## TASK INSTRUCTIONS
Could you copy exactly the lines below from the one with "ДТП произошло сегодня" to the one with "19th Century Double", inclusive, leaving out any pictures?

Start of DATA TO USE

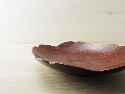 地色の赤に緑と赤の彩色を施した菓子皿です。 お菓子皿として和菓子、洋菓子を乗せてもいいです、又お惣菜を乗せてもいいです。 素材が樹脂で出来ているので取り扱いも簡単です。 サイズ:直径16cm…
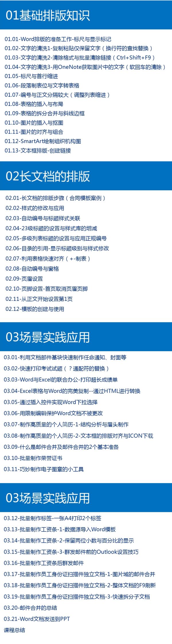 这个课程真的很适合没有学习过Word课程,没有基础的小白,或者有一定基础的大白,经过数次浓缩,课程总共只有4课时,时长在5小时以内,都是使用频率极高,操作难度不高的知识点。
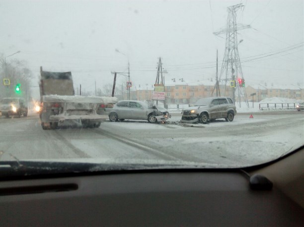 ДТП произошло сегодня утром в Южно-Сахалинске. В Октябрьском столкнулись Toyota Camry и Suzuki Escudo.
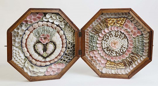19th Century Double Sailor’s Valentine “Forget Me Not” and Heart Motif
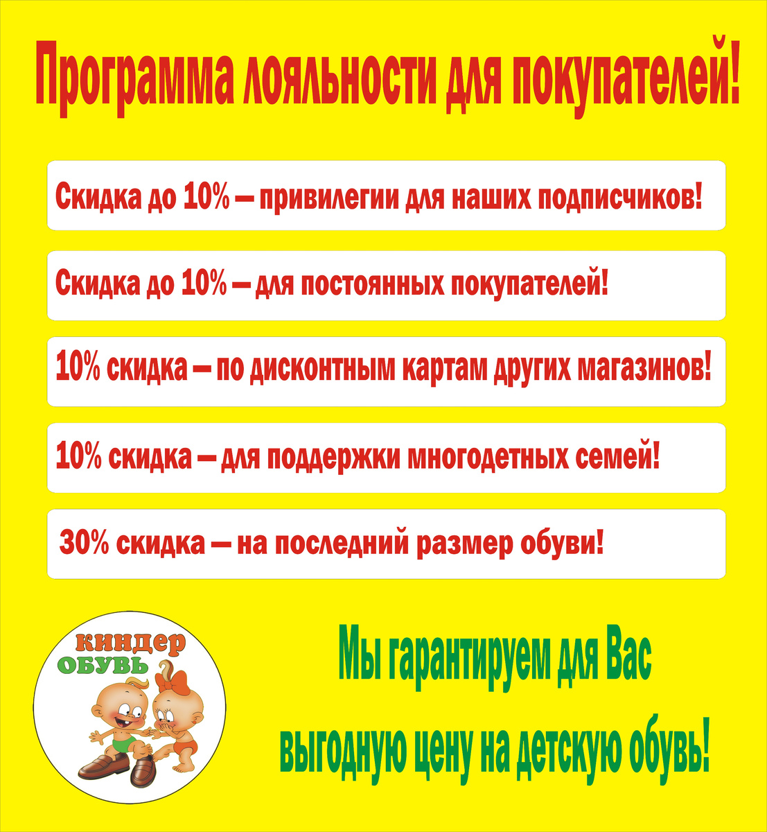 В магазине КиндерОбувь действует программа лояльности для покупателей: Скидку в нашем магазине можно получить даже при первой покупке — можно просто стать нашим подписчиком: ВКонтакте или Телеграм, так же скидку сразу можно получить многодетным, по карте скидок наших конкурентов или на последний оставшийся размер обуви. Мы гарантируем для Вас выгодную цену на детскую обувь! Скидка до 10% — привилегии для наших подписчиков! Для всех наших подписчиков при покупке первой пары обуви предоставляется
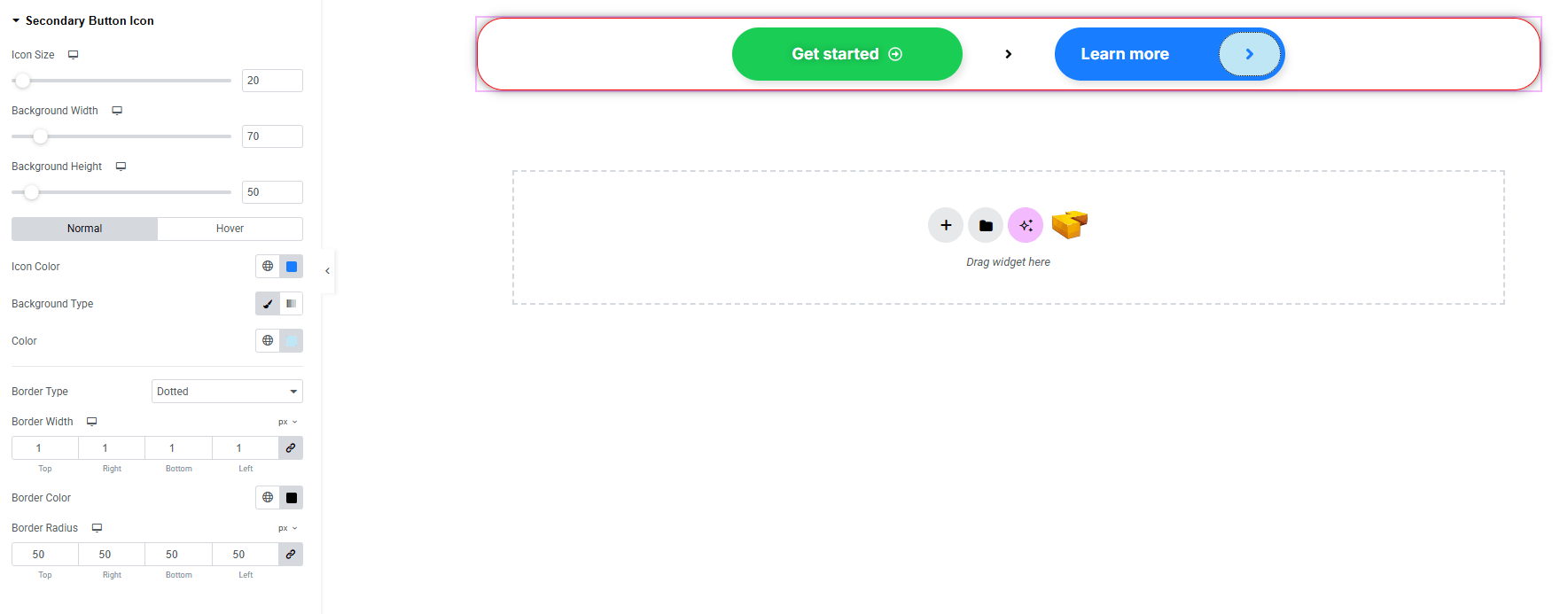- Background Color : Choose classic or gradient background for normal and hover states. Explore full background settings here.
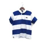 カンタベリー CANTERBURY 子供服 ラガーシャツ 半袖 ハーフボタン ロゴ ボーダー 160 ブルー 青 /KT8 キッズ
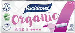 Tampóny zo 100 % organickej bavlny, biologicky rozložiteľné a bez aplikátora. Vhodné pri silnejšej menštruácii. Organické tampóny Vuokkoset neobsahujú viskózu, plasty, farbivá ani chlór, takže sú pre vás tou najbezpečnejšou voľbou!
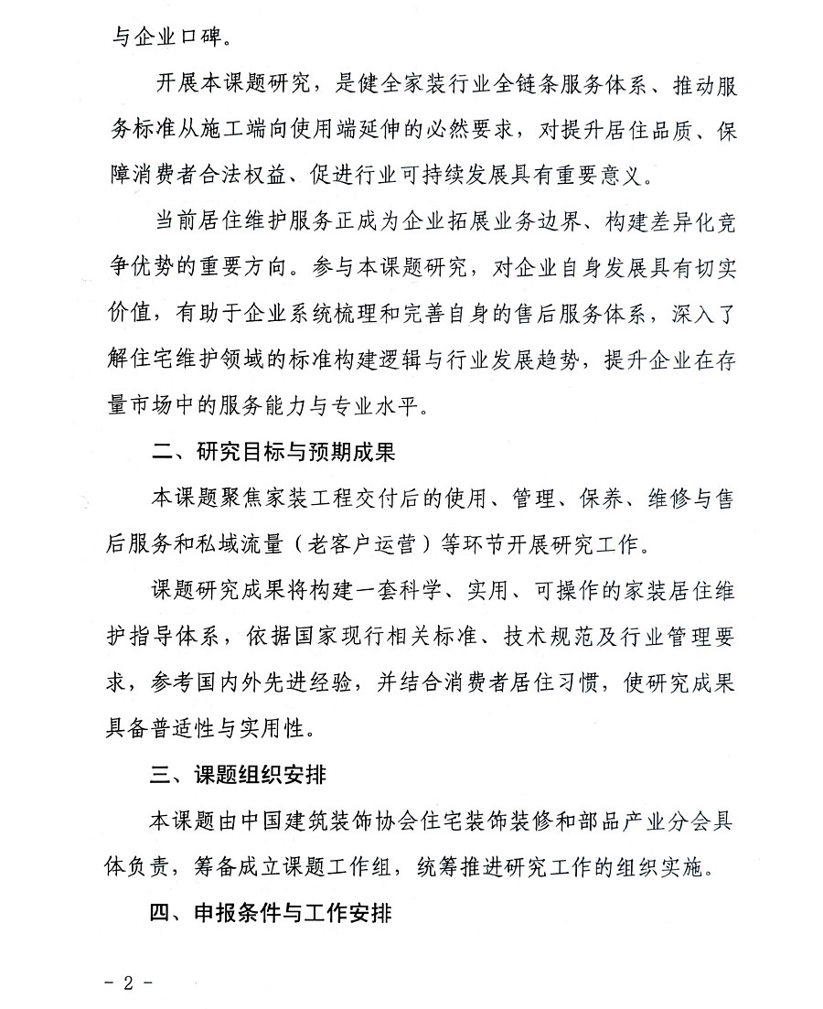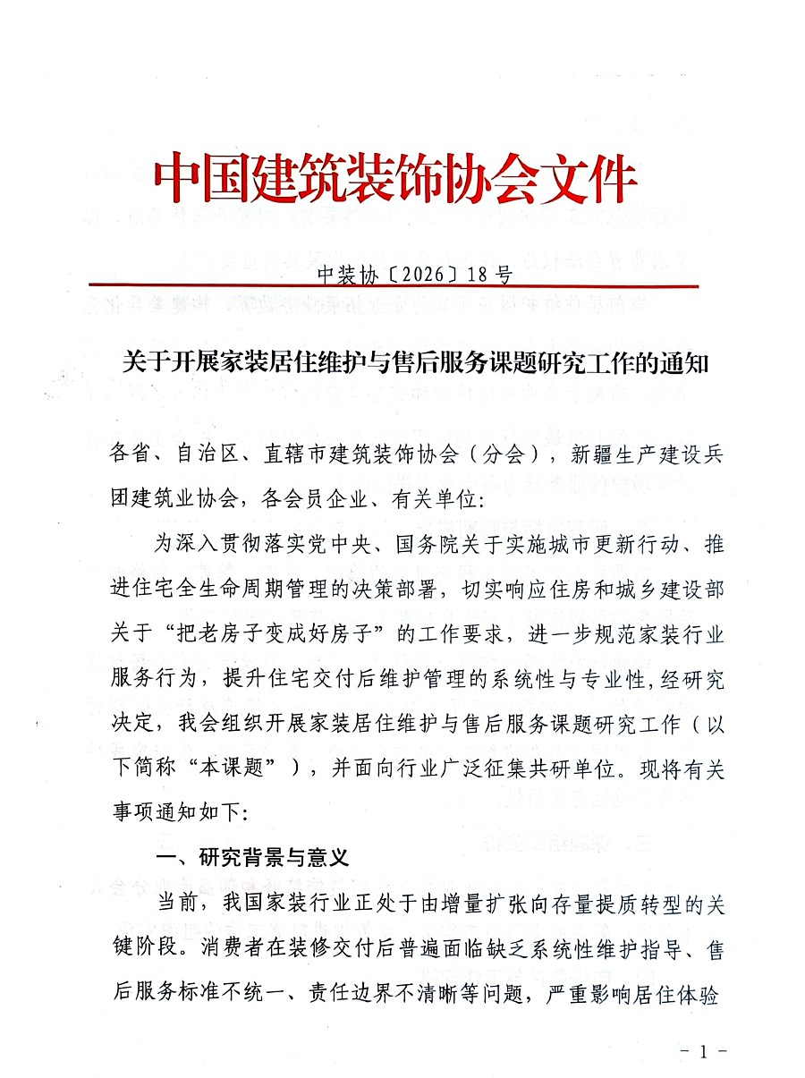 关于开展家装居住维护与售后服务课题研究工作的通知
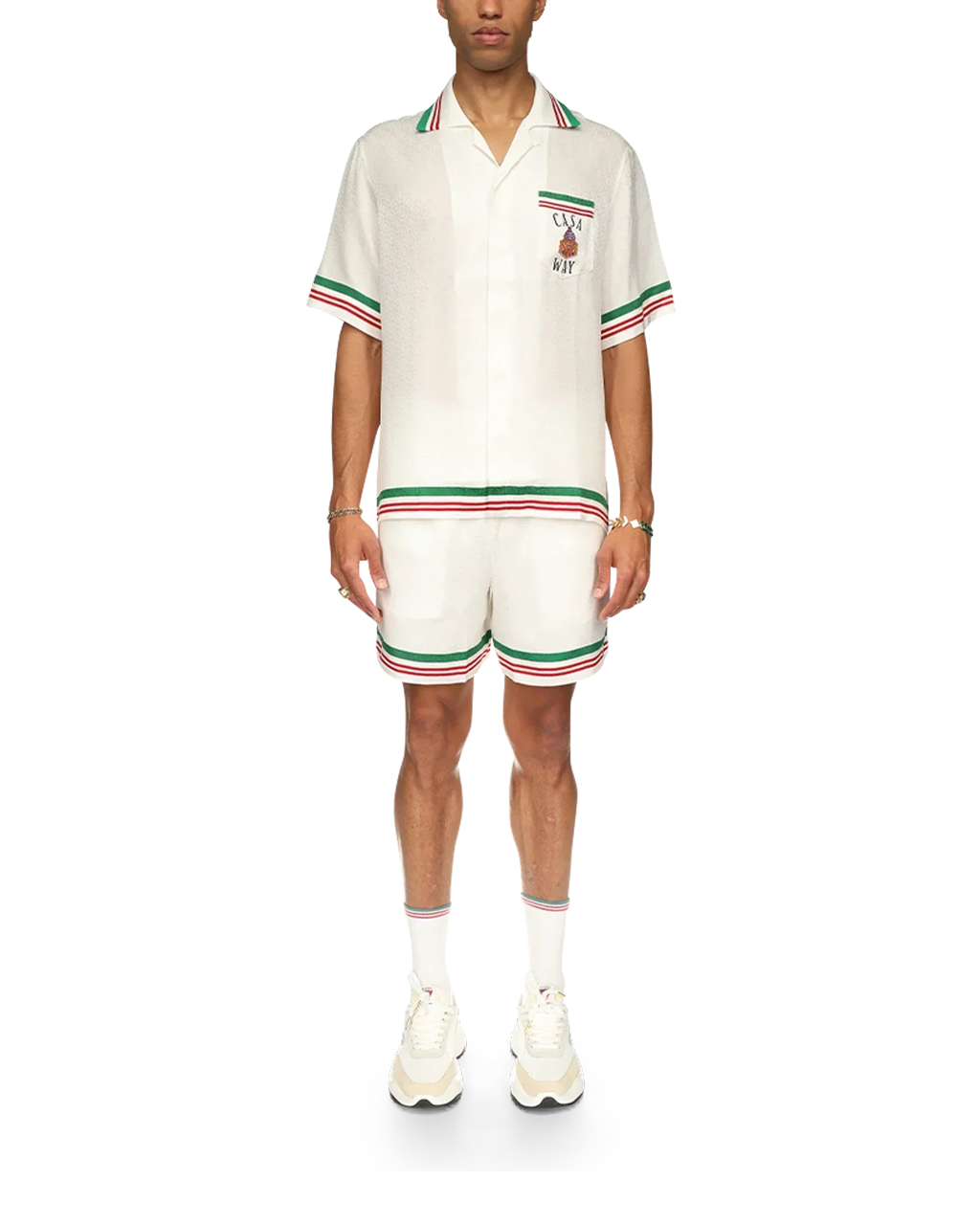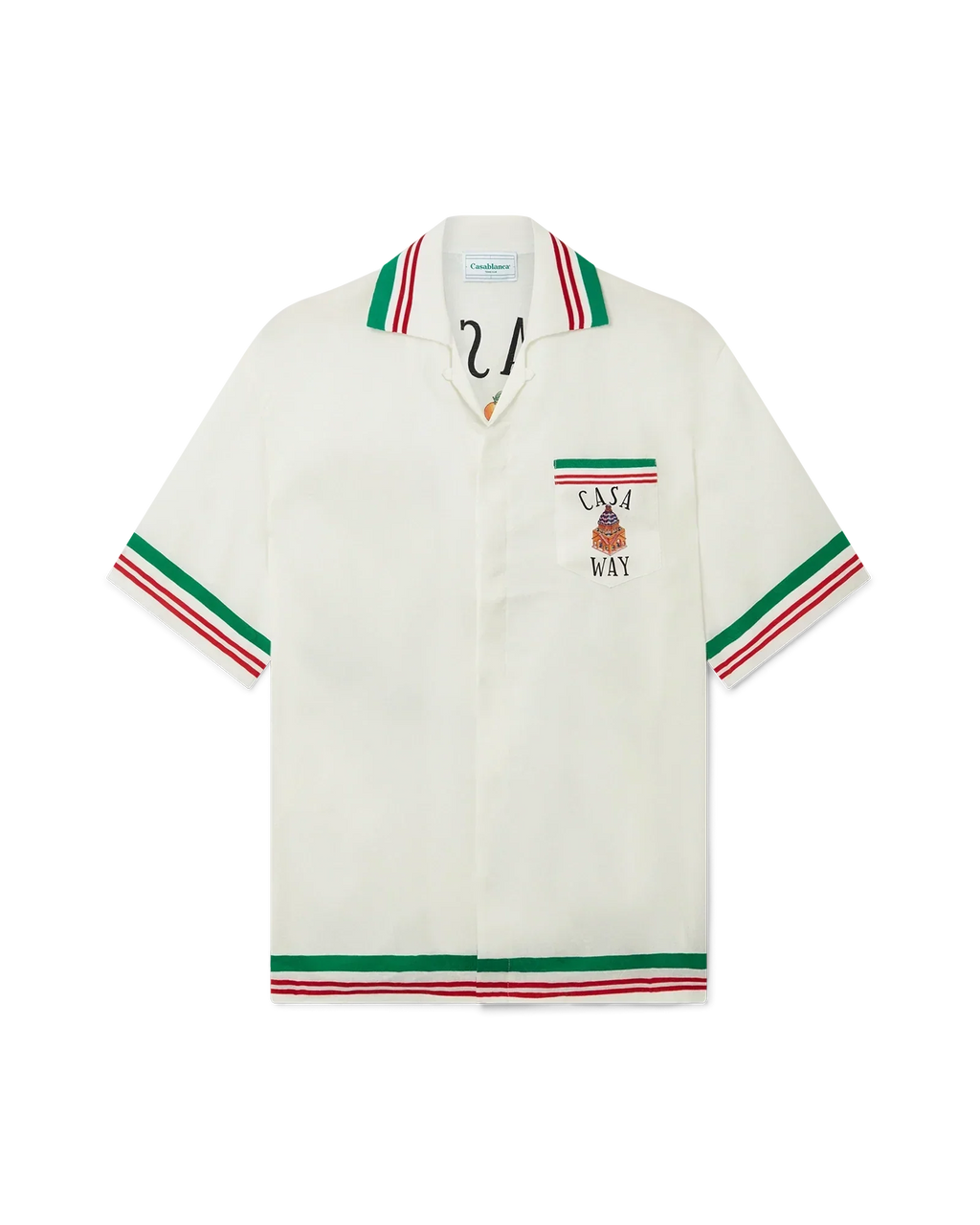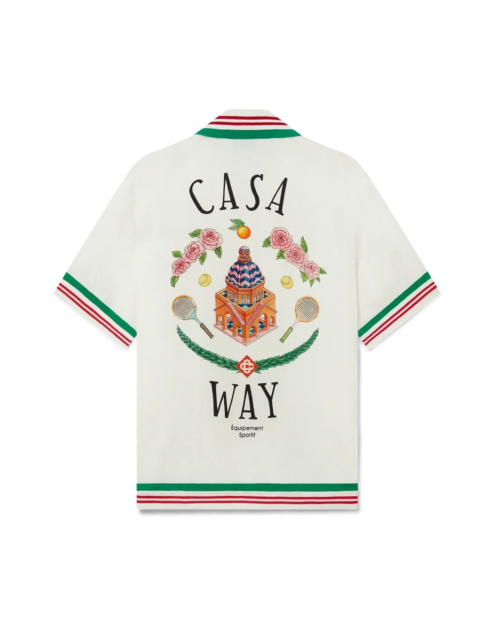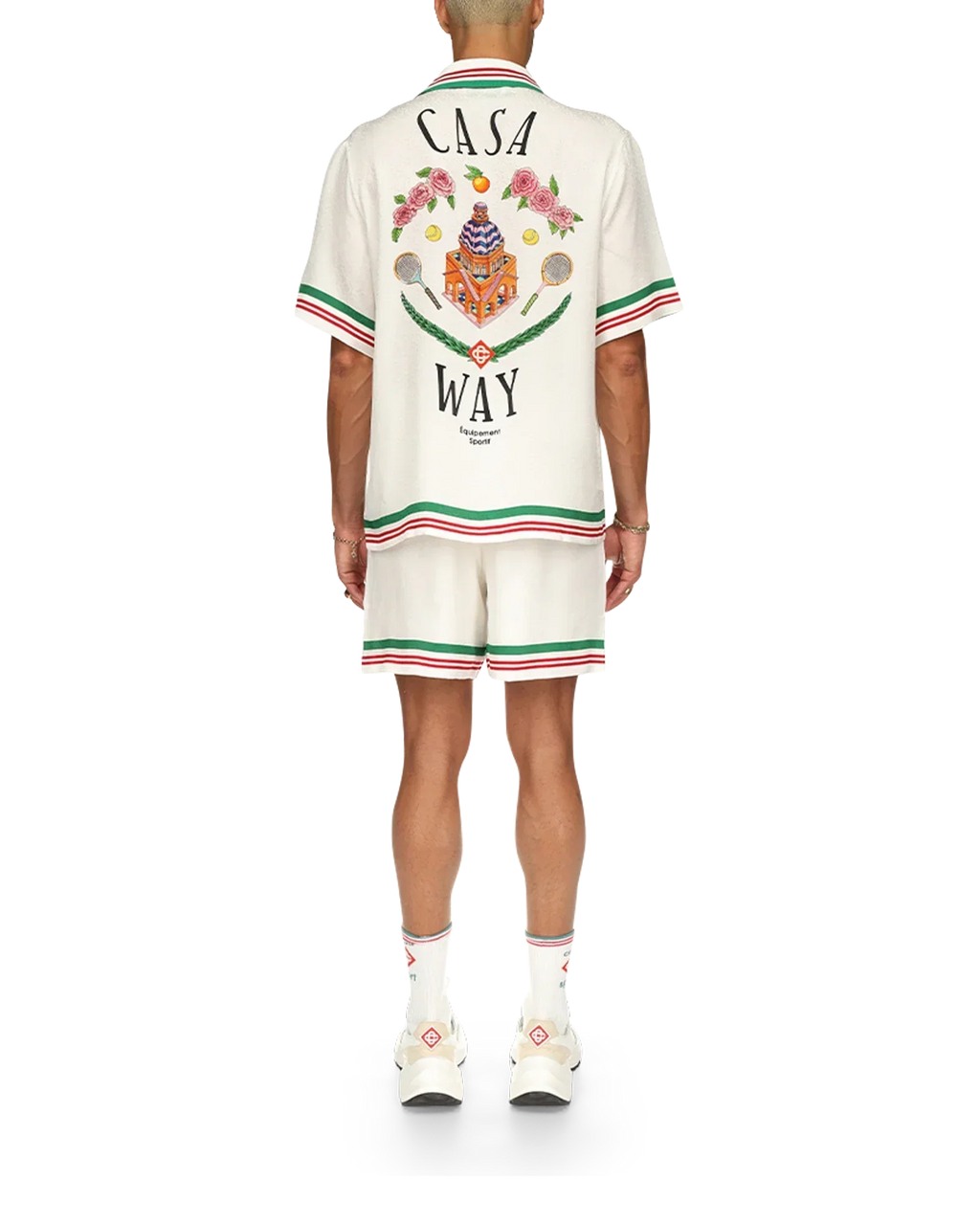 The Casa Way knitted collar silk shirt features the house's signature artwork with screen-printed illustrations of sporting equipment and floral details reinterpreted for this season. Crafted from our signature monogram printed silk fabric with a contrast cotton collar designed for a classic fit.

End of DATA TO USE

## ANSWER FOR THE TASK
 ДТП произошло сегодня утром в Южно-Сахалинске. В Октябрьском столкнулись Toyota Camry и Suzuki Escudo.
19th Century Double Sailor’s Valentine “Forget Me Not” and Heart Motif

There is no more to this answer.